The firm also believes that a more accommodating Federal Reserve policy will continue to support small-cap stocks. Osterweis Capital Management remains dedicated to diligently seeking out high-quality, reasonably valued small-cap companies with substantial potential for organic, rapid growth.
The unwavering confidence of their clients in their management is deeply appreciated.
The meticulous approach taken by Osterweis Capital Management in navigating the volatile small-cap growth market provides a valuable lesson for investors. Their unwavering commitment to fundamental analysis and valuation discipline, even when faced with short-term underperformance relative to speculative rallies, underscores the importance of a long-term perspective.
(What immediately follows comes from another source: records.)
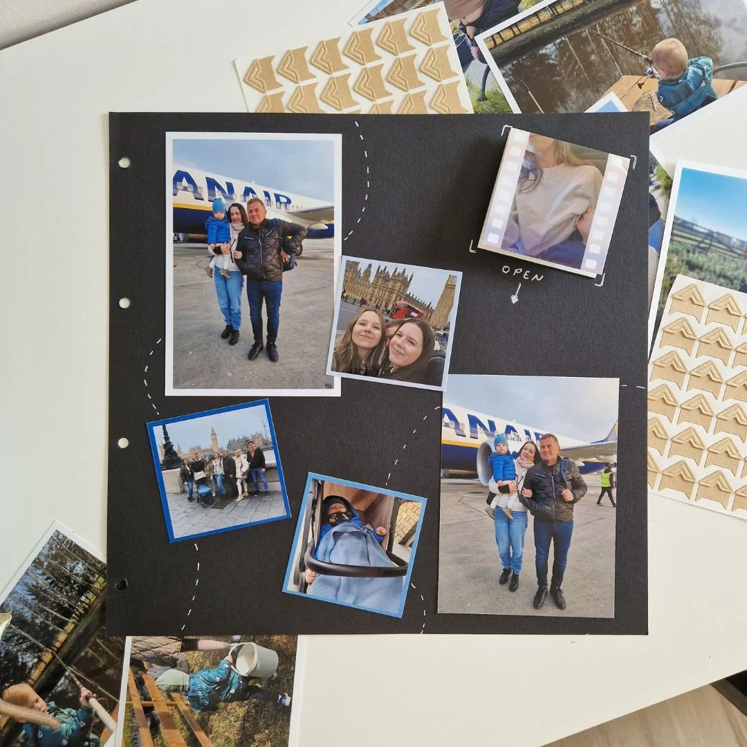 Możesz wykorzystać je jako subtelny akcent między białymi stronami albo stworzyć z nich cały tematyczny dział – wakacje, pierwszy rok dziecka, budowę domu, rodzinne święta.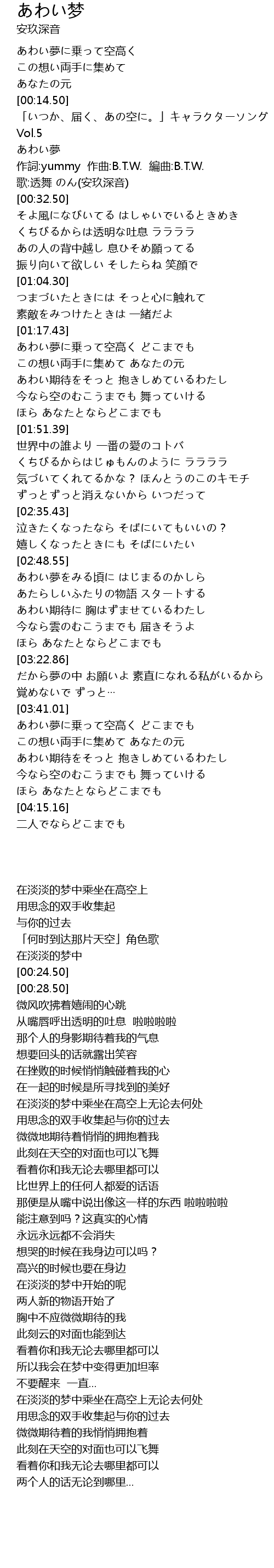 | [00:20.50] | あわい夢 |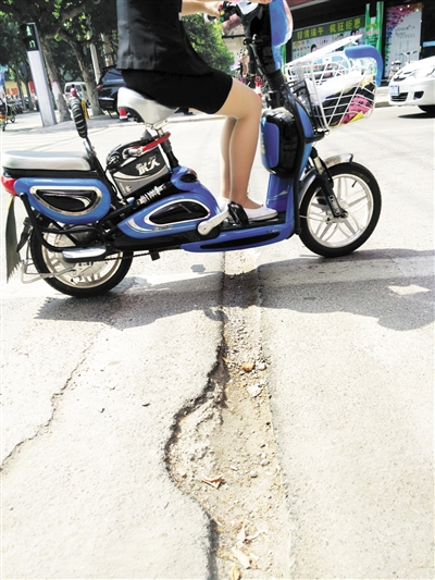 在振興路與吉品街路口西側(cè),有一條“溝壑”穿馬路而過,由于“溝壑”回填得不太好,路面上留有一條深約10厘米,寬約20厘米的溝,不少騎電動車的市民經(jīng)過此處時都顛簸得厲害。“這條溝存在很長一段時間了,也是安裝監(jiān)控時留下的,原先用沙土回填一部分,但是隨著時間的推移,回填的沙土下陷,就出現(xiàn)了現(xiàn)在的這條溝,很不安全,雨天的時候溝里面會積滿污水,車輛經(jīng)過時,污水還會濺到行人身上?!焙咳缡钦f。
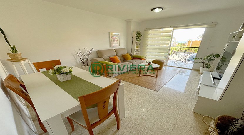 Consta de hall de entrada, salón-comedor con salida a terraza, vistas al mar, jardín y piscina, cocina, 2 dormitorios con armarios empotrados, 1 baño.

In an era dominated by market hype and thematic investments, their strategy serves as a powerful reminder that sustainable growth often stems from sound financial health and proven business models. As AI continues to reshape industries, identifying companies that genuinely leverage these innovations, rather than simply riding the speculative wave, will be crucial for sustained investment success. This report not only informs but also educates, highlighting the enduring value of patience and prudence in investment management.